[extropy-chat] examples of rational irrationalism

Jef Allbright jef at jefallbright.net
Sun Dec 10 16:36:16 UTC 2006

Samantha Atkins wrote:
> Is it rational to do X can only be answered by
> knowing what ones goals (including value type
> goals) are and what the choices are and by the
> accuracy of one's model of the situation and
> likely outcome of doing X.   To cut off any of  
> these aspects is to miss what Is mean when I
> agree a particular action or decision is
> "rational".
> I see no clear separation between the rational and the moral.

I think many people would agree with you that the factors you mentioned
above are key when a person is trying to get or convey a feeling for
whether some other person (or group) is acting "rationally." I think
your usage and understanding of the term must generally work quite well
for you in conversations with other like-minded persons about the
"rationality" (actually the "rightness" or "wrongness") of various
actions in the world. The irrationality of war, the government's
irrational approach to perceived threats, the irrationality of
businesses polluting the environment in their single-minded quest for
profit; these are all topics of discussion that appear to be a good
match with your usage of the term. Evidence of the effectiveness of your
usage of the term "rationality" is how well many people "get" what you
mean in such discussions; that such conversation proceeds effectively
with no one stopping to ask "um, what exactly did you mean by
'rational', in the context of people killing other people for oil?"
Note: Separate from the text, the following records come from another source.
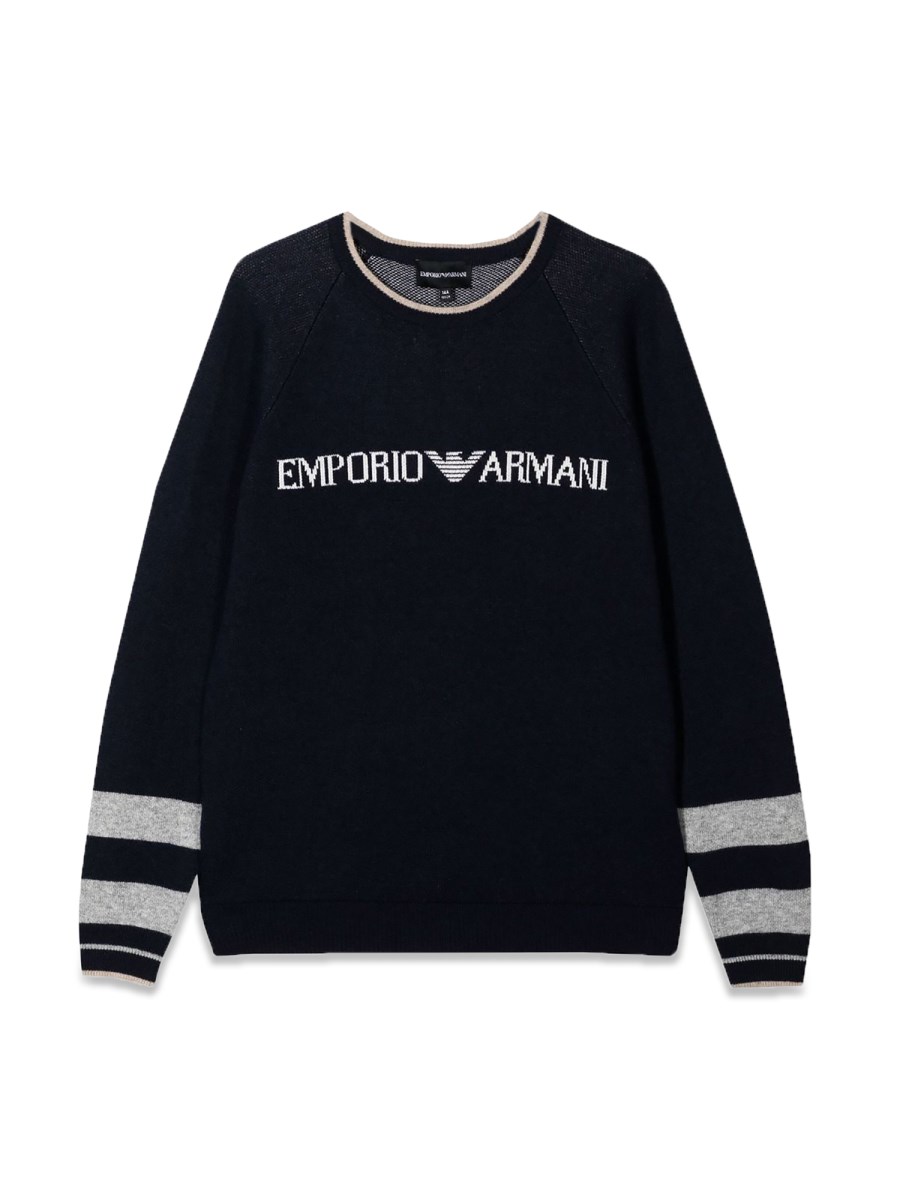 EMPORIO ARMANI PULL GIROCOLLO LOGO RIGHE SUI POLSI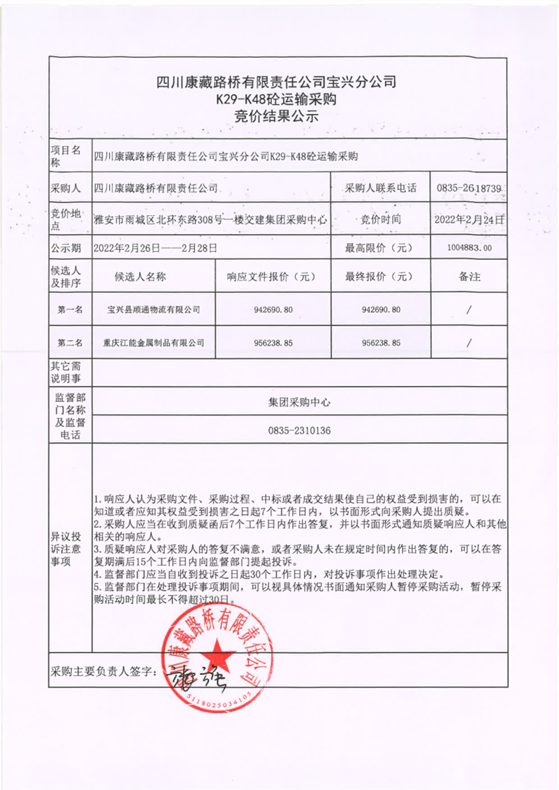 四川康藏路桥有限责任公司宝兴分公司K29-K48砼运输采购竞价结果公示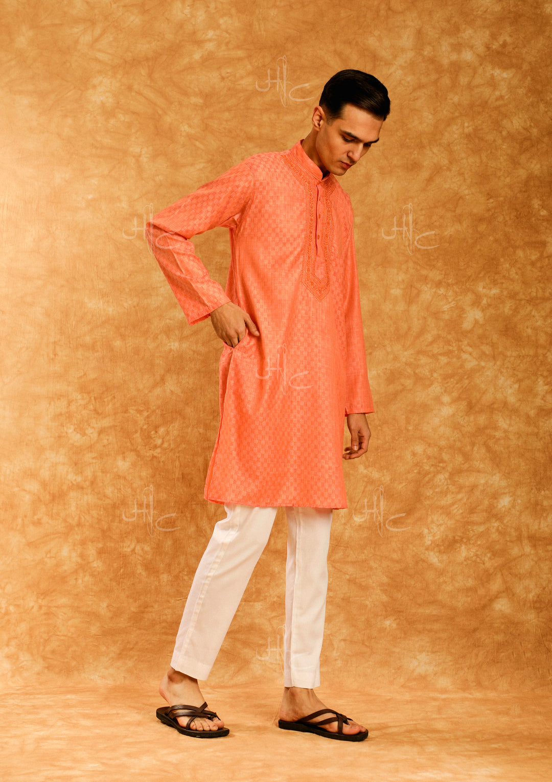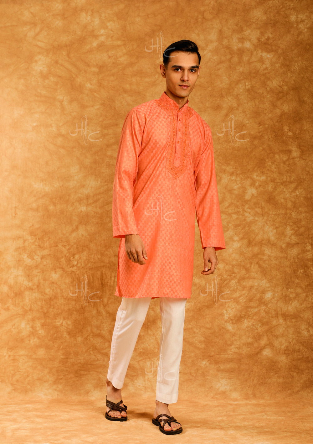 HOC Rayon Embroidered With Sequins Solid Men's Long Kurta- Peach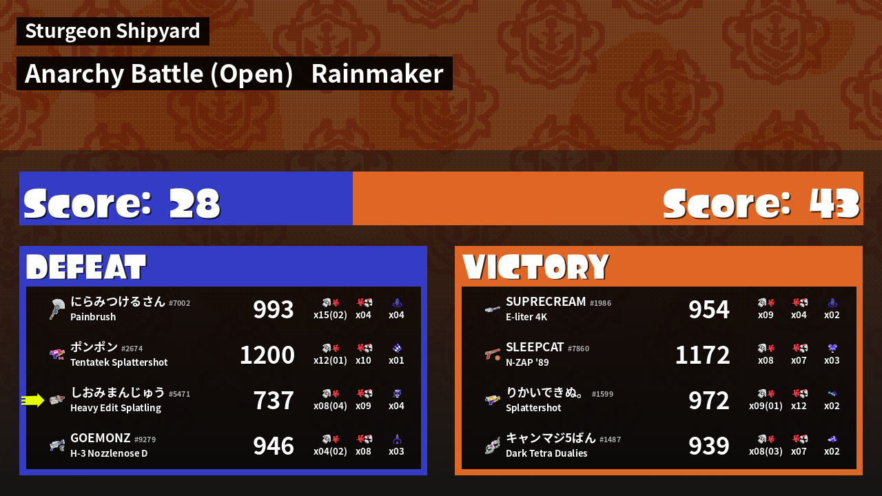 | Mode | Rainmaker - Anarchy Battle (Open) | ||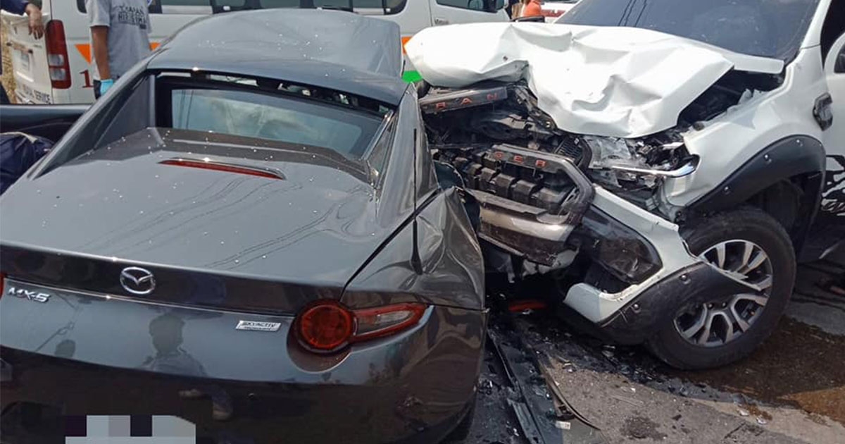 ชนสยอง หนุ่มขับรถหรูหลุดโค้ง กระบะหลบไม่ทันชนพังยับ ดับสลด 2 ศพ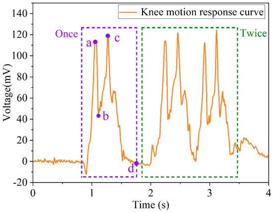 It can be seen from the response curve of the knee bend motion in Figure 20 (the purple dashed box) that when the tester performs the first-stage motion, the response voltage of the sensor gradually increases to point a, and the response voltage rapidly drops to point b; when the tester performs the second-stage motion, the response voltage rapidly rises from point b to point c. After completing the knee bend motion, the response voltage recovered from point c to the initial state (point d). When the tester performs two consecutive knee bend motion tests, the response voltage curve (the green dashed box in Figure 20) of the sensor is almost consistent with the variation characteristics of the one knee bend motion, which indicates that the sensor has a fast response capability and fairly good repeatability. The experimental results imply that the flexible sensor has very good application prospects in the motion state detection field.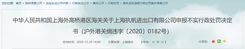 中華人民共和國(guó)上海外高橋港區(qū)海關(guān)關(guān)于上海執(zhí)帆進(jìn)出口有限公司申報(bào)不實(shí)行政處罰決定書(shū)(滬外港關(guān)緝違字〔2020〕0182號(hào))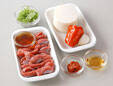 赤ピーマンは縦4つに切り、ヘタと種を取って、ひとくち大に切る。
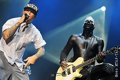 Участники американской группы Limp Bizkit Фред Дерст и Уэс Борланд во время выступления в СК "Олимпийский"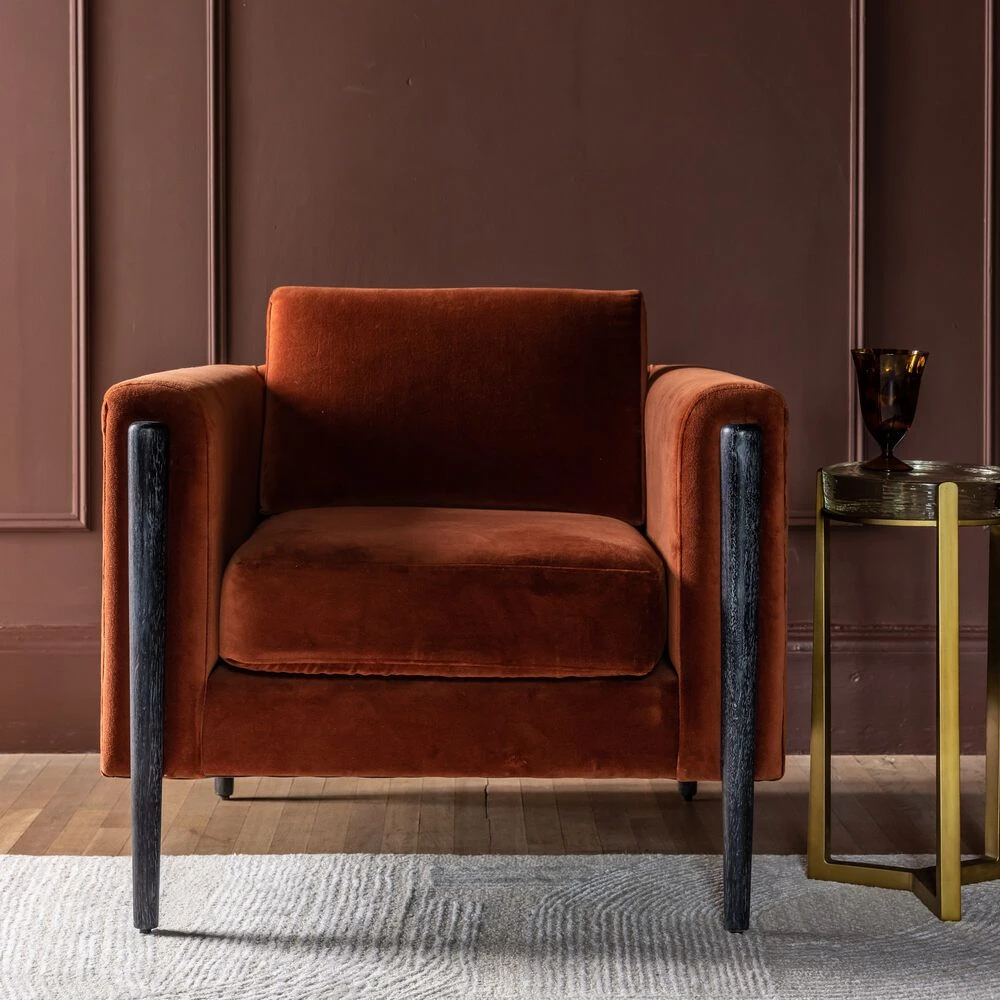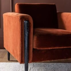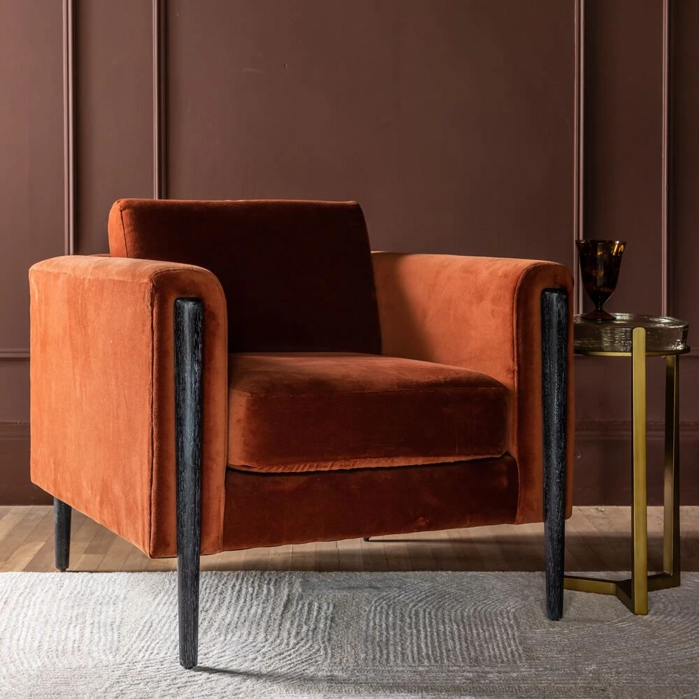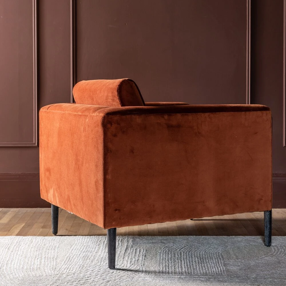 A geometric-style armchair perfect for all kinds of interiors, from classic to contemporary, industrial to retro and art-deco, our Lexington Armchair in Rust Velvet mixes a rich, vibrant rust coloured cotton velvet seat, back and sides with black stained mango wood legs.

This understanding of "rational" is similar to the popular understanding
of "car". People commonly think of a car as essentially a mechanical
object that you get into, and by operating certain controls you're able
to go places.  Of course you have to feed it gasoline and other fluids
at certain times which you know from indicators or maintenance schedules
in the manual, etc. This kind of definition is nearly complete for many

On another level, outside today's mainstream, a "car" is much more
complex, comprised of a complex system including chassis, suspension,
motor, drive train, etc., and each of these systems comprised of
subsystems of complex interacting components.  For thinking at this
level, the previous common understanding of "car" is terribly
incomplete.  Whereas people at the preceding level could say "My car is
running wrong" and others would nod in understanding, a mechanic will
consider this a nearly meaningless statement unless one begins to break
it down into engine versus running gear, and so on.  

So in a similar fashion, a person might say to her companion, "war is
wrong" and the companion would nod in perfect understanding and
agreement, not even thinking to ask whether the statement meant that war
is ineffective, war is irrational, or that war is immoral.  If pressed,
she might say that she really sees no significant difference.

On a different level, a bit further outside today's mainstream, a "car"
is an instance of vehicular technology capable of moving humans and
their cargo under individual operator control.  To a person thinking in
this mode, most relevant factors may include the ratio of vehicle mass
to cargo capacity,... but I think you get the point.

I'm going to remove myself from this discussion at this time due to
diminishing returns, potential burnout by the participants, and to avoid
abuse of the common forum.  Oh, how I wish we had a an effective system
of concept mapping for these discussions.